Senja ini burung gereja bercicit terus menerus walau dingin menusuk. Adzan mendengung menembus palung hati. Suara merdu itu menyelinap lembut pada qolbu yang kering sementara air mata masih jua meleleh.
Gemericik air mensucikan kami. Menghapus gamang dan penat yang tercipta dengan ruku dan sujud panjang penuh pengharapan. Engkau Maha Mendengar. . .
Aku melihat dia duduk. Berhadapan dengannya. Mendengarkan kisahnya. Juni. . . Juni. . .oh Juni. Aku tahu betapa beratnya beban hidupmu cinta. Aku tahu!! Aku sangat bangga padamu.
"Gadis, sebenarnya aku tidak ingin pergi tapi mimpiku itu menarikku. Aku bagai besi yang tertarik oleh magnet"
"aku mengerti cinta.

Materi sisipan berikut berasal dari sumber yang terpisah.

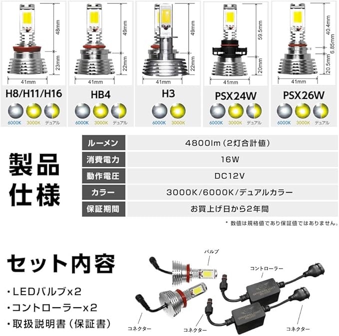 【スペック】LEDバルブ 形状:H8、カラー:デュアルカラー(2色切り替え、ホワイト/イエロー)、明るさ:4800lm(2灯合計値)、対応電圧:12V、入数:2本、保証期間:2年、冷却方法:ヒートシンク(ファンレス)、寿命:20000時間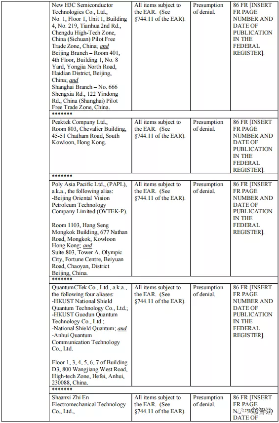 實(shí)體清單是 BIS 使用的一種工具,用于將受 EAR 約束的物品的出口、再出口和國(guó)內(nèi)轉(zhuǎn)移限制在合理認(rèn)為涉及、已經(jīng)涉及或造成重大影響的個(gè)人(個(gè)人、組織、公司)參與或參與違反美國(guó)國(guó)家安全或外交政策利益的活動(dòng)的風(fēng)險(xiǎn)。對(duì)于在此最終規(guī)則中添加到實(shí)體列表中的實(shí)體,BIS 強(qiáng)加了適用于所有受 EAR 約束的項(xiàng)目的許可要求。此外,對(duì)于出口、再出口或國(guó)內(nèi)轉(zhuǎn)移到本規(guī)則中添加到實(shí)體列表的實(shí)體,沒(méi)有許可證例外。BIS 對(duì)這些實(shí)體實(shí)行拒絕推定的許可審查政策。

Kita akan menikmati senja seperti dulu dg Rindu"
"Gadis, sore ini aku akan pergi ke pemakaman. Ikutlah denganku. Aku rindu sekali pada nenek"
hanya ada anggukan. Berjalan. Ia berjalan sementara aku mengikutinya dari belakang. Perjalanan tanpa kata. Tanpa canda. Mulut terkunci padahal ada jutaan kata yang harusnya terlontar. Entahlah. . .siapa yang mencuri keberanian dan kalimat-kalimat itu.

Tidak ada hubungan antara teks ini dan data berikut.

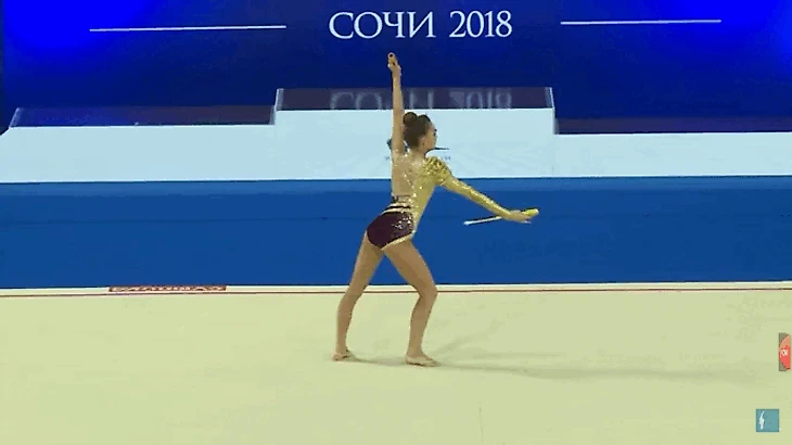 В трех видах Линой крутит 4 оборота в планше, которые стоят 0.7 балла (0.4 за первый оборот и 0.1 за каждый следующий). Но в упражнении с булавами она смогла сделать все 4 оборота на полупальце, а стоимость такого вращения уже 1.1 (0.5 за первый оборот и 0.2 за каждый следующий).

Langkah kami yg diberisikkan oleh angin telah sampai pada pangkalnya, kuburan. Bau bunga kamboja putih yang menusuk. Nisan-nisan tak terurus yg ditumbuhi ilalang. Aku tak bisa terus diam.

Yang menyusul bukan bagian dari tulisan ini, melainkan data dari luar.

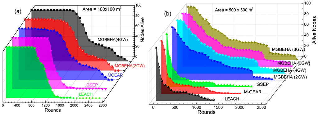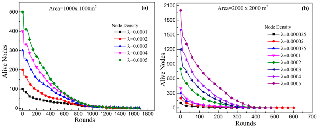 In order to test the efficiency of the protocol in very large areas, we have designed two scenarios, one with a 1000 × 1000 m2 area and another with a 2000 × 2000 m2 area. We have also analyzed the performance metrics for different node densities (λ = Number of nodes/area) in the area. Figure 9a shows the number of alive nodes in a 1000 m × 1000 m area. The maximum lifetime and the stability period of the network are approximately 1700 rounds and 10 rounds, respectively. A high node density does not affect the performance of the network. Figure 9b illustrates the effect of different node densities on the MGBEHA protocol in the 2000 × 2000 m2 area. The maximum lifetime in this area is 600 rounds. Node density does not have a significant impact on the lifetime of the network. Although the number of gateways has been increased in the network, the lifetime is reduced with an increase in the size of the area.

"dimana kuburan neneknya?" suaraku sepertinya mengganggu suasana kuburan yang sepi.
"sebentar lagi"
ia berhenti di kuburan yang sudah berlumut. Duduk. Hening. Dia meneteskan air mata. Aku tidak mendengar ia berkata-kata sama sekali tapi aku dapat memahami air matamu cinta. Aku ingat dulu saat kau berlari untuk sebuah harapan yang membuatku tersengal-sengal mengikutimu.
"duduk gadis," tiba-tiba mulutnya memecah kesunyian "kau tahu gadis rasanya kehilangan? Kau tahu bagaimana rasanya ada di negeri orang tanpa ada yang menciumku saat aku rindu? Tidak bisa berbagi di hari kemenangan?" ia terisak dihadapanku dan makam neneknya.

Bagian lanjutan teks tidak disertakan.